Rule 1: Strike when they're hot and cut when they're not

OPTIMISM about the performance of Australian equities in the long term is based on marketing and the past. It is not a divine right in the future.

OPTIMISM about the performance of Australian equities in the long term is based on marketing and the past. It is not a divine right in the future.

And if you ever want some objectivity about the sharemarket going up in the long term, just ask someone from Japan. The Japanese sharemarket has had a woeful run. From Christmas 1989 to Halloween in 2008, it fell 82 per cent.

Take us up to today and the Japanese sharemarket is still down 70.8 per cent in the past 23 years.

Although this suggests we should have avoided investing in Japanese equities over this period, the truth is the equity market is opportunity - even within that terrible performance there have been eight bull markets averaging plus 61.6 per cent and eight bear markets averaging minus 44.3 per cent.

Each lasted more than a year on average; substantial and tradeable periods.

And despite the overall fall of 70.8 per cent, the Japanese market is still up 62 per cent from the bottom and has delivered an average annual compound return of 12.1 per cent for four-and-a-bit years.

The point being that even in a long-term bear market, even when a country has gone effectively ex-growth and is in the grips of deflation - a predicament that must inevitably catch up with both Europe and the US - the equity market can still defy the big trend for long periods and provide plenty of opportunity to make money.

Fast forward to the Australian market today and we are up 23 per cent in seven months.

It is scaring some people, rational people in particular. We seem to be ignoring terminal issues such as rampant money printing and ballooning US and European debt levels.

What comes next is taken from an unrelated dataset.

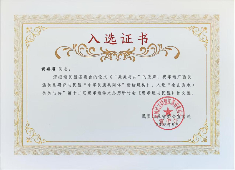 黄燕君博士作为新盟员,自2024年11月加入校民盟基层委员会以来,持续深耕文化研究与统战理论相结合的领域。此前,她撰写的《从地方戏到文化自信:淮剧生态优化对弘扬中华戏曲文化的启示》一文获第十六届民盟文化论坛优秀论文;《“美美与共”的先声:费孝通广西民族关系研究与民盟“中华民族共同体”话语建构》一文入选“金山秀水·美美与共”第十二届费孝通学术思想研讨会《费孝通与民盟》论文集。

Are we all mad? We may well be, but the big issues are not the point: the point is that there is money to be made and we owe it to ourselves after five lean years to try to make it.

And in the Japanese context, we could rally another 38.6 per cent and still only discover in hindsight that we were in an average bull market.

So it is no good wagging fingers about how the problems are still there and how central banks have only kicked the can down the street. The game in equities, especially after the global financial crisis, is to "just get on with it" and make money while you can.

While the market goes up, grand predictions about it all ending in tears are as useless as the equally grand declarations that we are now in a new long-term bull market that will leave you in denial when it starts going down. It's all bull.

All you know is to make money when stocks go up and get out when they start going down. You can't do that with a head-in-the-sand, long-term investment approach alone.

To take advantage of the equity market "trends within the trend", you're going to have to time the market.

It's here that 90 per cent of investors and advisers are going to fail, because they insist on resurrecting the pre-GFC finance industry mantra that "the market always goes up in the long term".

It's a mantra that the 93 per cent of the working population who choose to make their superannuation contributions to their employer's default balanced fund have also, unwittingly, bought into as well.

They are all going to experience the big trend and in a UEFC world (US and European Financial Crisis - yes, they are still in a crisis), managed funds and long-term investment are a much bigger gamble than they were.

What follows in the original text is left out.